Additional Resources That Are Useful in Addressing Diagnostic Issues

I want to recommend to my colleague some online resources which are useful in understanding how to check the assumptions of multiple regression analysis. One of these resources is Ernst and Albers' (2017) article. The article addresses four OLS-assumptions (Independence of Errors, Homoscedasticity, Normality, and Linearity). More importantly, Ernst and Albers (2017) address the consequences of violations of assumptions as well as common misconceptions about assumptions.

Another online resource that provides a step-by-step guide of testing the assumptions of multiple regression analysis is The Open University Faculty of Arts and Social Sciences' (n.d.) tutorial. The tutorial provides a practical step-by-step guide of checking the following assumptions of multiple regression analysis: linearity, absence of multicollinearity in the data, homoscedasticity, undue influence, independence of residuals, the variance of the residuals, normal distribution of residuals, and influential cases biasing the model (The Open University Faculty of Arts and Social Sciences, n.d.).


Anderson, D. R., Sweeney, D. J., Williams, T. A., Camm, J. D., & Cochran, J. J. (2017). Statistics for business & economics, revised. Boston, MA: Cengage Learning.

Ernst, A. F., & Albers, C. J. (2017). Regression assumptions in clinical psychology research practice-a systematic review of common misconceptions. Retrieved from

Forister, J. G., & Blessing, J. D. (2015). Introduction to research and medical literature for health professionals. Burlington, MA: Jones & Bartlett Publishers.

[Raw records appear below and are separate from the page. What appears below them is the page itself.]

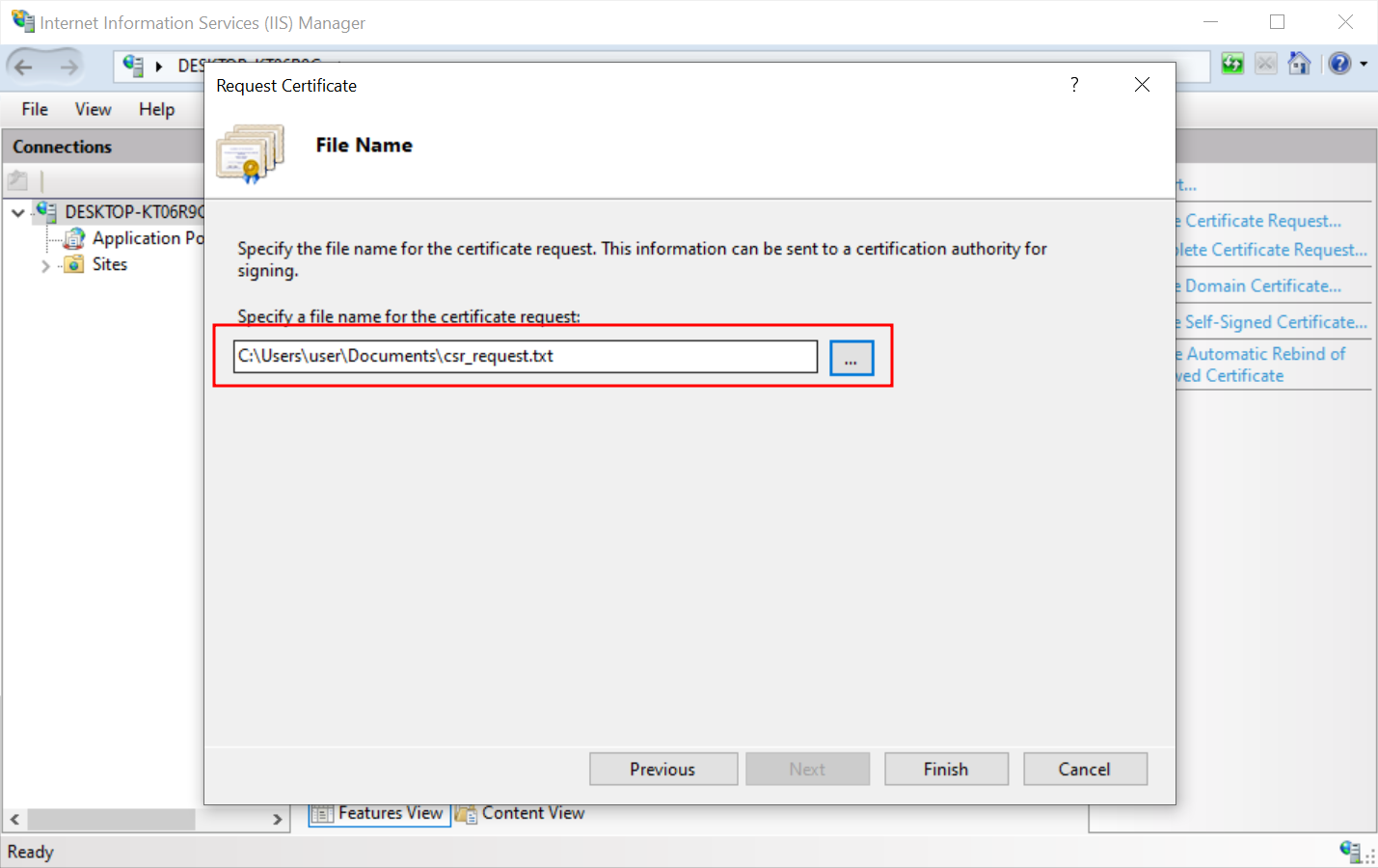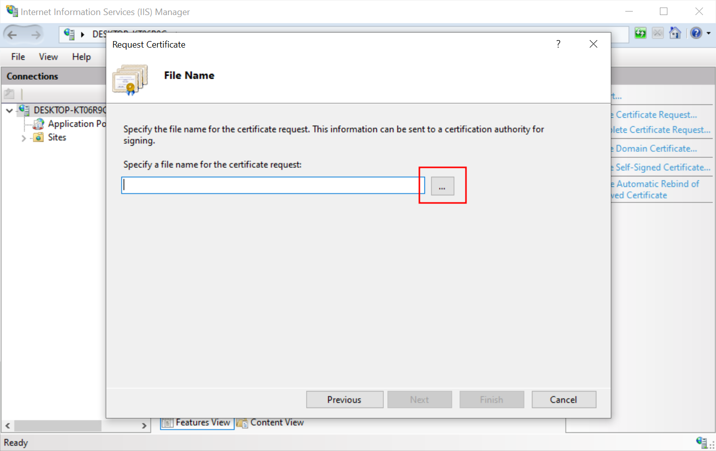 Click the button with three dots to select where the CSR request should be placed and add its name. Press Finish.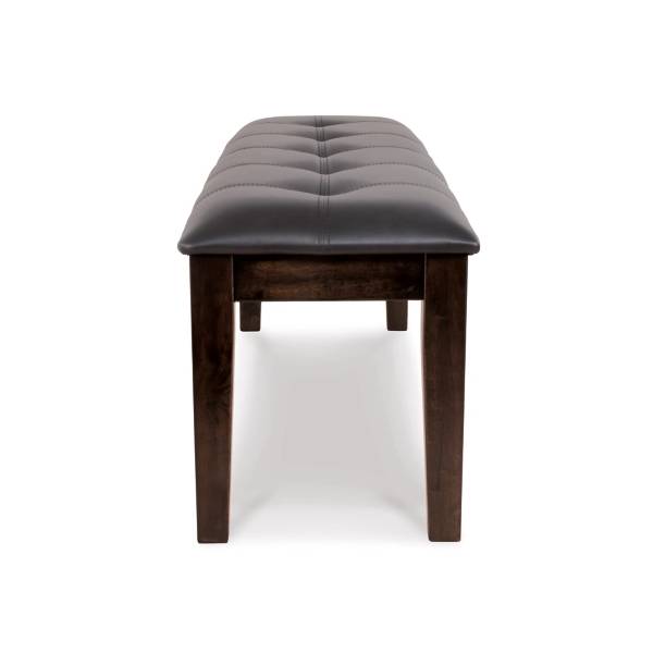 Stylish dining room bench with plush button-tufted faux leather upholstery and cushioned seat. Wood legs provide stability, blending comfort and sophistication to enhance your dining area.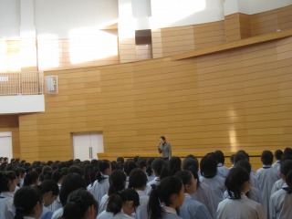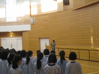 「新しい年になりました。今年は年号も新しくなり、変化の多い年となります。そんな新しい年にぜひ、皆さんに頑張ってほしいこと、それは3つの平和です。1つ目の平和は、自分との平和。自分をよく見つめ、大切にしてください。2つ目は、周りとの平和です。友だちや家族を大切にするには、人を信じる心が大切です。信じる気持ちから、相手への感謝の心や謙虚な心が持てます。3つ目は、環境や自然への平和です。学校の自然、自分の周りの環境が整っていることへの感謝の気持ちを忘れないでください。3つの平和を保てるように、この1年考えて行動してください。素敵な1年になると思います。」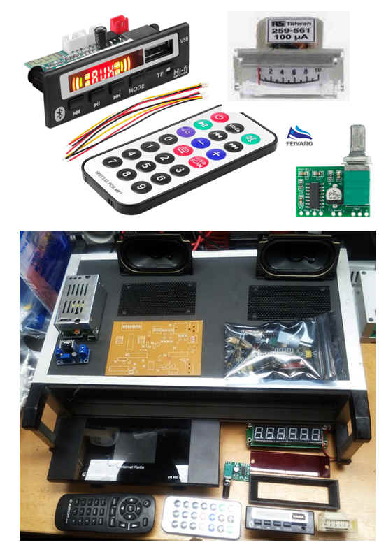 Na DV som pripravil stavebnicu, rovnaké sú aj na tri vysielače SV.(jeden z nich je rádio Dismuke a karta má obsah Synkopický orchester a Františka Krištofa Veselého) Srdce je Internetový tuner Albrecht DR 460C a MP3 prehrávač s FM rádiom dokonca s bluetooth 5.Mp3 má kapacitu 32GB. Mini almes skrinka s výškou 70mm stála pár chechtákov. Rámik s červeným fitrom je výpredajový tovar z GME a presne sadne na 6-miestny displej. Použitý zdroj 12V/1A+5v s LM 317.Na odposluch kúpené malé reproduktorky aj s perforovanou mriežkou, tiež stáli iba pár chlpov. poháňa ich 2x3W -D zosilňovač, na meranie hĺbky modulácie je použitý maličký japonský uA. To čo tam pribudne je kompresor dynamiky s obvodom SSM 2166P. Na nostalgy rádio Luxembourg je pripravený iný kaliber. Tam už je hotový model TH 5.0, takže som sa zameral na prehrávač a jeho vlastnosti. To čo pripomína trochu Laxík je stanica Hits Radio the 50s, 60s Hits´. Šlape to v MP3 128Kbps.je to niekde zo štátu Washington, mesto Washington.Čo sa týka nahrávok priamo z vinylov to práve chcem previesť do formátu WAV. na tú kapacitu je to 2133 skladieb. .Či mi to budete veriť alebo nie , odskúšal som si to cez PC, starý winamp vysielač TH5 naladený na 1440kHz, tuner Technics, polský zosilňovač,WS440 a equalizér Siemens 9-pásmový a štvorpásmové bedne ILA. prehrával som od R.Stewarta Stay with Me. raz cez WAV a potom Mp3 44.1kHz Potom bol posluch na prijímači Stradivari 3 a Variace, rozdiel bol badateľný napriek tomu že to boli stredné vlny.

Mohd, S., Norazah. (2016). Handbook of research on leveraging consumer psychology for effective customer engagement. Pennsylvania, PA: IGI Global.

Srinivasan, R., & Lohith, C. P. (2017). Strategic marketing and innovation for Indian MSMES. New York, NY: Springer.

Takahashi, S., Inoue, I., & Trend, C. L. (2016). The manga guide to regression analysis. San Francisco, CA: No Starch Press.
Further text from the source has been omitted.